We
ontdekken dat we van stof zijn gemaakt en we blijven deze gedachte bevechten
tot we er bij vallen.
Eugen
Drewermann in Wort des Heils, Wort der Heiligung, Patmos Verlag 1989
En het is correct, ik heb deze regel bevochten
met alle mogelijke argumenten, en dit van het ogenblik dat ik wat wegwijs ben
geworden in de kwantum fysica en de overtuiging is gekomen dat we geboren zijn
uit de geest en terugkeren zullen tot deze geest.
Ik weet nu dat de stof waarover Drewermann het heeft,
de stof waaruit ons lichaam is gebouwd, de stof waaruit de kosmos bestaat,
atomen zijn, bestaande uit een kern in een veld van energie, gevormd door, met
de snelheid van het licht, cirkelende elektronen.

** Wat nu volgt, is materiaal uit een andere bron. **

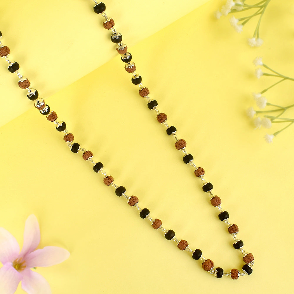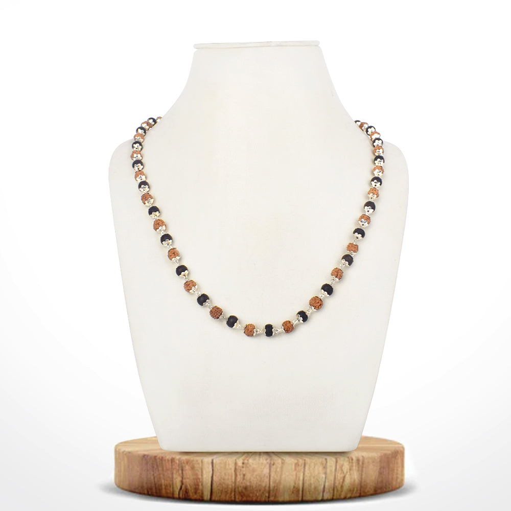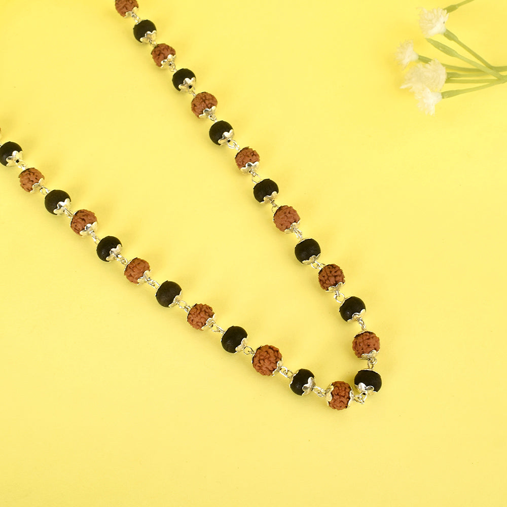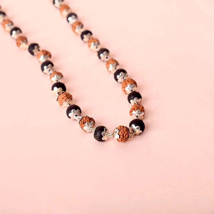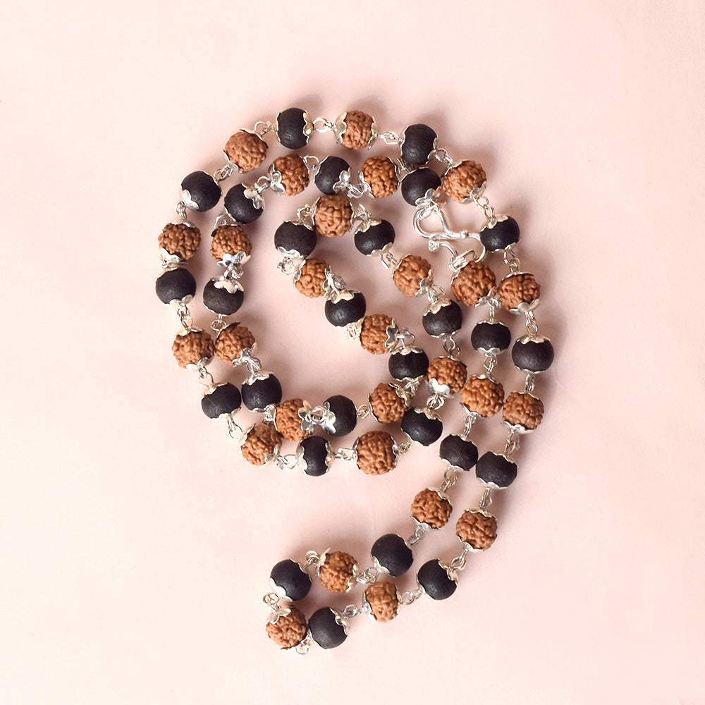 Govt. Certified Rudraksha & Karungali Mala With Silver Plating Capping

Atoom en de energie erin en er omheen, een
wereld zijnde van minimale deeltjes, geladen met kennis, die als we doordringen
tot de minimaalste ervan we (voorlopig) uitkomen bij de Higgsboson, het deeltje,
dat misschien ook de allerkleinste bouwsteen is waaruit de Kosmos werd
opgebouwd. Maar het kan alsdan evengoed een deeltje geest zijn, waaruit dan blijken
zou dat alles, ook de stof, geest is.
We stellen voorop dat het in deze
gedachtenwereld is dat de poëzie tot leven komt, onbeperkt qua tijd en ruimte,
onbeperkt qua inhoud en vormgeving, opstijgend vrij en vrank in de regionen van
de geest. Poëzie wentelt zich omheen het zichtbare om het onzichtbare te
suggereren, ze is een zoektocht naar het hart van het woord.
In mijn blog van gisteren, heb ik enkel het
antwoord van Yahweh aan Mozes overgenomen. Ik heb niets gezegd over de
omstandigheden waarin dit gebeurde, noch over de grond waarop Mozes stond - die
een heilige grond was - noch over de brandende braamstruik die toch intact
bleef, noch over wat er voor en wat erna gebeurde, maar het verhaal in hoofdstuk
3 van Exodus is van een grote poëtische
schoonheid. De verbeelding van de schrijver ervan, jaren, eeuwen nadat de
feiten zich hebben voorgedaan of die nu reëel waren of niet is opmerkelijk.
Dit is ook de reden waarom ik gemeend heb er een Blog over te schrijven.